# Let's see some turkey mounts. Here is mine.



## hambone76 (Dec 10, 2011)

I finally decided to hang my turkey mount up in the hallway. I got tired of looking at it on the wall in the garage. I killed this one in Paulding County in 2008. Jordan's Taxidermy did the mount. 
22#, 11" beard, 1&3/8" spurs. Let's see some more thunder chicken mounts.

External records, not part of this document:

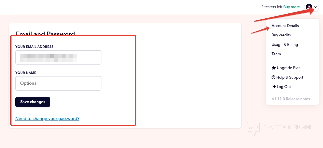 Чтобы попасть в настройки, жмем на аватарку в правом верхнем углу и выбираем вкладку «Данные учетной записи». В открывшейся форме можно изменить электронную почту и название аккаунта.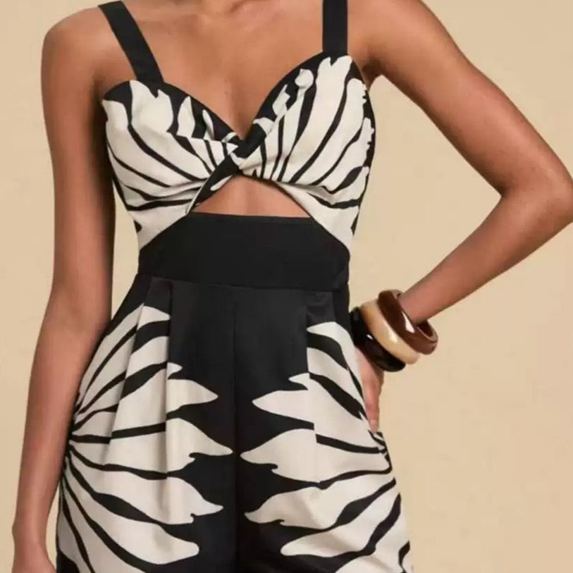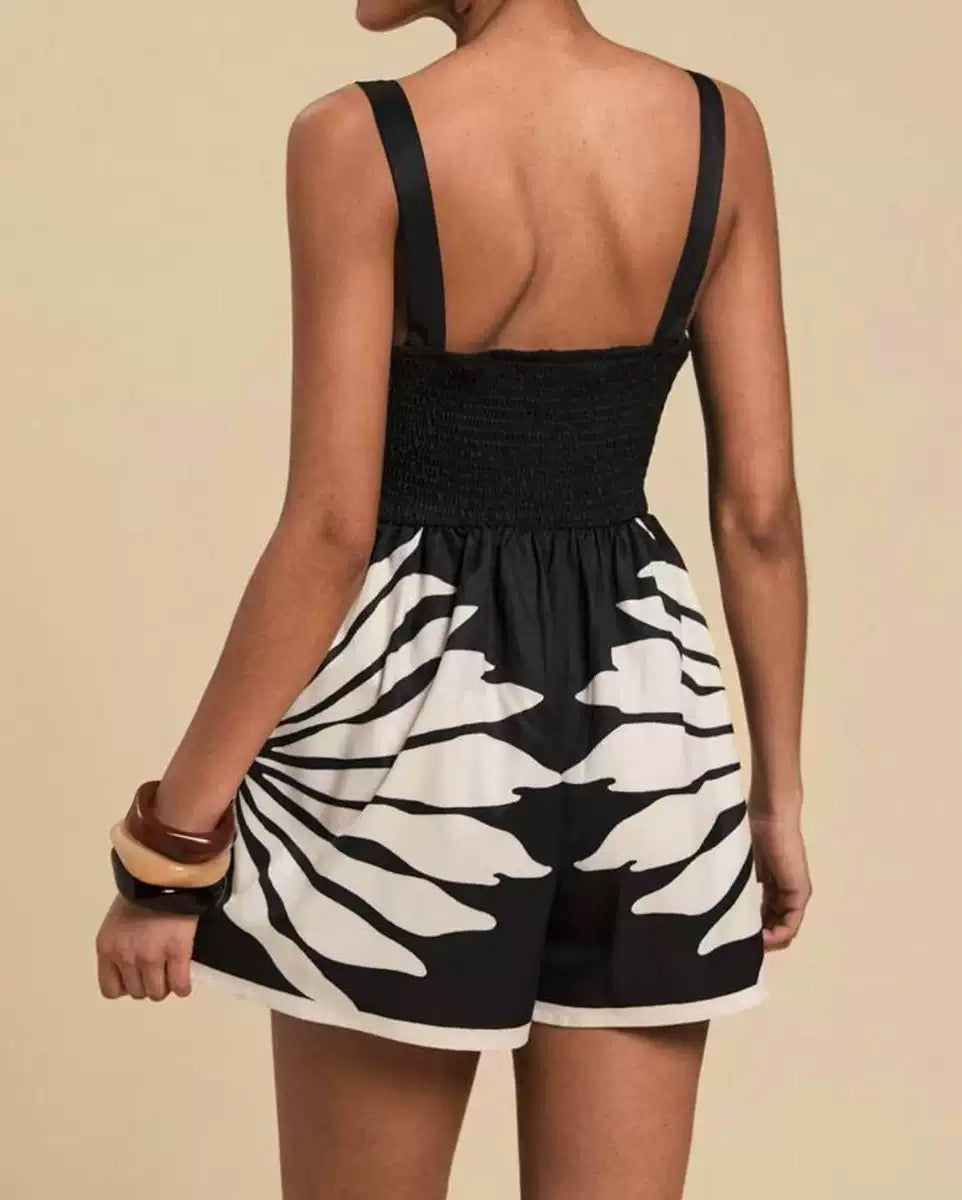 Say hello to your new go-to vacation piece. Designed with a tropical palm print and structured waist, this romper brings easy elegance to your warm weather days.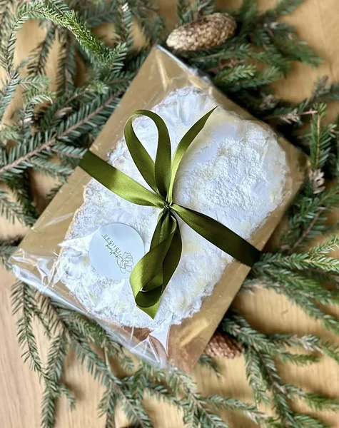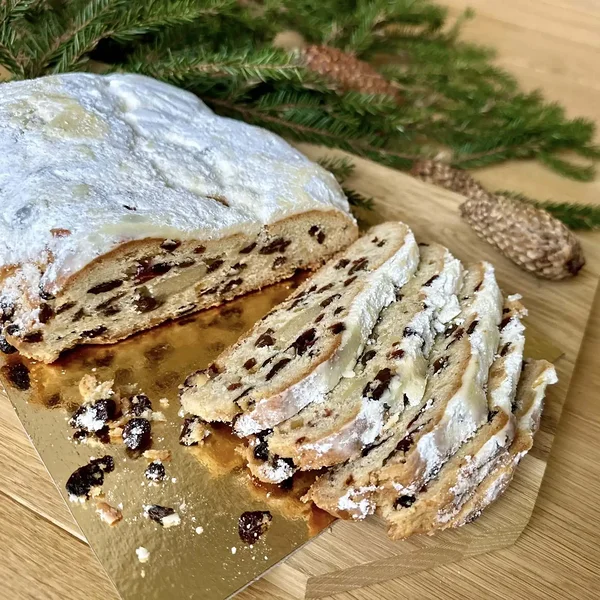 Ma olen elanud 5 aastat Saksamaal ja õppisin seal stollenit armastama. Stollen on kõvem pika säilivusajaga pärmitaignaküpsetis, mis on kaetud sulavõi ja tuhksukruga. Taignas on rosinad, jõhvikad, mandlid, apelsinisukaat ja sarapuupähklikrokant. Lisaks on igas stollenis korralik kogus minu enda valmistatud martsipani. Maailma parim jõulumaius! Säilitada jahedas (nt sahvris) ja säilib vähemalt kuu. Serveeritakse õhukesi ca 1-1,5cm paksuseid viile.
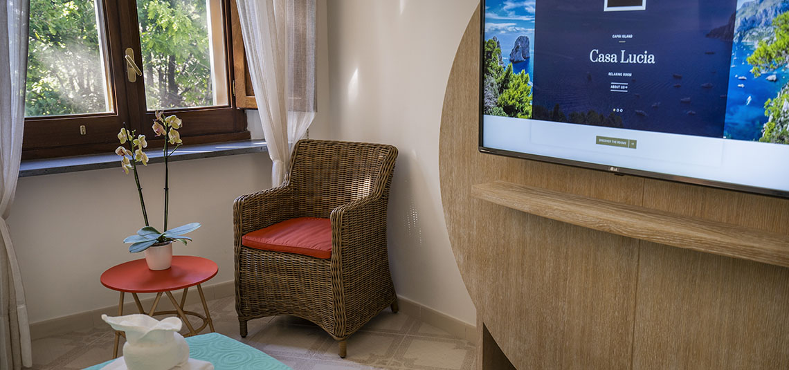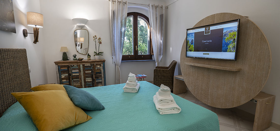 Set in the historic center of Anacapri, B&B Casa Lucia is in a strategic position, easily accessible by taxi or bus, at just 20 meters far from the bus terminal from/to all the directions day and night. The rooms have been recently refurbished taking care of all details in the Capri Style and located in the typical Mediterranean vegetation of the island. In each room there are free WI-FI access, hair dryer, mini fridge, air conditioning, LED digital TV, central heating and coffee/tea making facilities.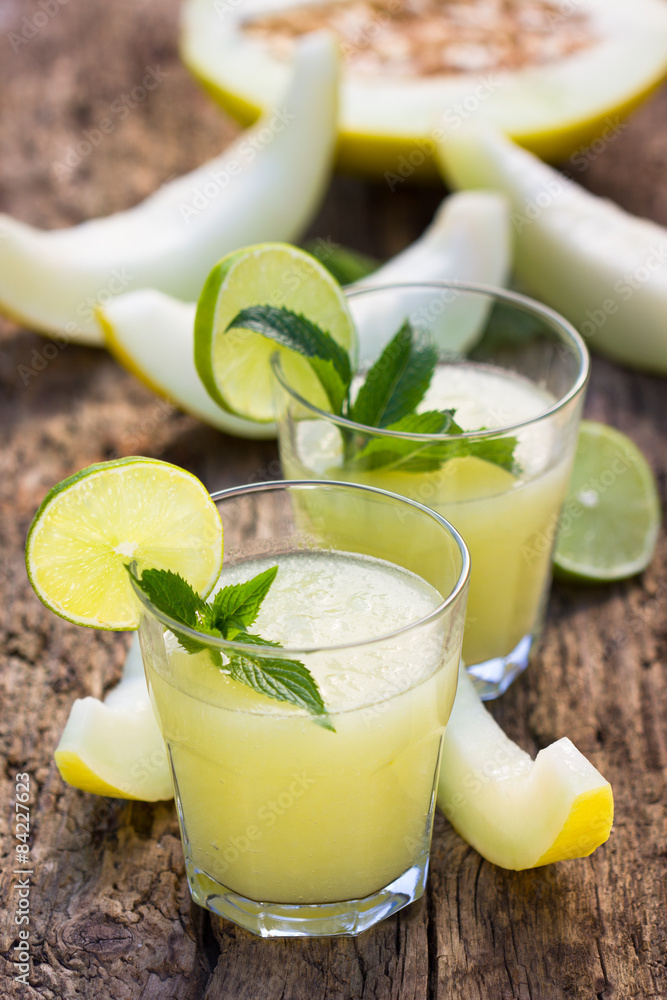 Melon smoothies with slices of melon on the wooden table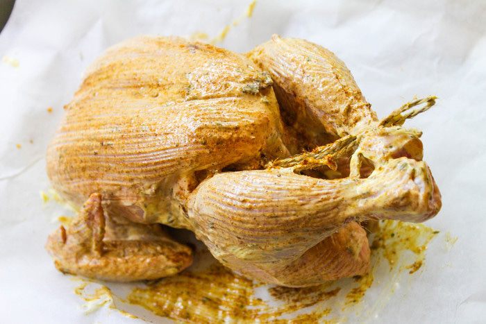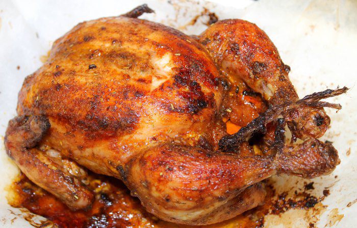 Три мандарина сорта бэйби (сладкие), разрезать пополам, начинить курочку. Духовой шкаф прогреть до 180 — 190°С, противень застелить пергаментом, выложить курочку и запекать примерно 1 час, иногда поливая вытопившимся соком. Через 30 минут приготовления и за 5 минут до окончания запекания, поливать соком половинки мандарина.

Spring isn't far away at all...


----------



## six (Dec 11, 2011)

My best so far.


----------



## Gut_Pile (Dec 11, 2011)

Here is mine. Done by Rodney Casteel


----------



## hambone76 (Dec 11, 2011)

Nice looking birds guys. I should have an atypical gobbler on the wall, but I shot his main beard of the three beards he had off. I will post a picture of it and a brief story later on. Keep em' coming!!


----------



## Kwaksmoka (Dec 12, 2011)

those are some good looking mounts! Congrats, I hope to have one myself one day!


----------



## Jeff.Cronic (Dec 12, 2011)

This is the Bird my son killed on our farm in Greene County last season.


----------



## stick_slinger (Dec 13, 2011)

Nice lookin birds fellas.

CJ


----------



## KERCE (Dec 14, 2011)

Here is one I killed in S Dakota last yr. Sorry its not to close up but only one I had on phone at the time.


----------



## 01Foreman400 (Dec 14, 2011)

Shane Smith from Artistic Compositions did the work.  I shot this bird in 07.


----------



## Kevin Farr (Dec 14, 2011)

Been posted before, but here are some of mine again.
.
.
.


----------



## Reed Creek Head Hunter (Dec 14, 2011)

This isn't a mount, but my friend and I mounted the fan of my first bird with my bow. Kept the skull and European mounted it to the fan.


----------



## erniesp (Dec 14, 2011)

One of mine. Done by Fortner Taxidermy


----------



## bonecollector56 (Dec 22, 2011)

erniesp said:


> One of mine. Done by Fortner Taxidermy


Never seen one like that I like it and all of y'alls mounts look great.


----------



## Cleburne (Dec 22, 2011)

Those are some great looking mounts, congrats to all the owners.


----------



## john.lee (Dec 27, 2011)

First one I killed and I mounted it.


----------



## Fuller (Dec 29, 2011)

Oglethorpe County 2005
25 pounds 2 ounces
12.5 inch beard and 1.5 inch spurs
Wildlife Taxidermy


----------



## trophyslayer (Dec 29, 2011)

Gut_Pile said:


> Here is mine. Done by Rodney Casteel



favorite one right there... is that 4 beards!?!?


----------



## chpeterson (Jan 1, 2012)

All of these look great. I thought this mount was pretty unique and cool looking. Have several birds mounted in more traditional ways, and wanted to try something different. Looks great and saves some space. Came from Winner SD.


----------



## bowtie (Jan 2, 2012)

here are mine...


----------



## Gut_Pile (Jan 2, 2012)

john.lee said:


> First one I killed and I mounted it.



you did one heck of a job on that bird


----------



## Gut_Pile (Jan 2, 2012)

trophyslayer said:


> favorite one right there... is that 4 beards!?!?



yes it is....thanks


----------



## jharrell (Jan 3, 2012)

First bird is a Eastern. 11 1/2 inch beard and 1 3/8 spurs.
Second bird is my only Osceloa. 10 1/2 inch beard and 1 5/8 spurs. Also weighed 23 lbs and 4 oz.


----------



## john.lee (Jan 4, 2012)

Gut_Pile said:


> you did one heck of a job on that bird



Thanks.


----------



## raymac (Jan 9, 2012)

*Good lookin birds ! Here is mine !*


----------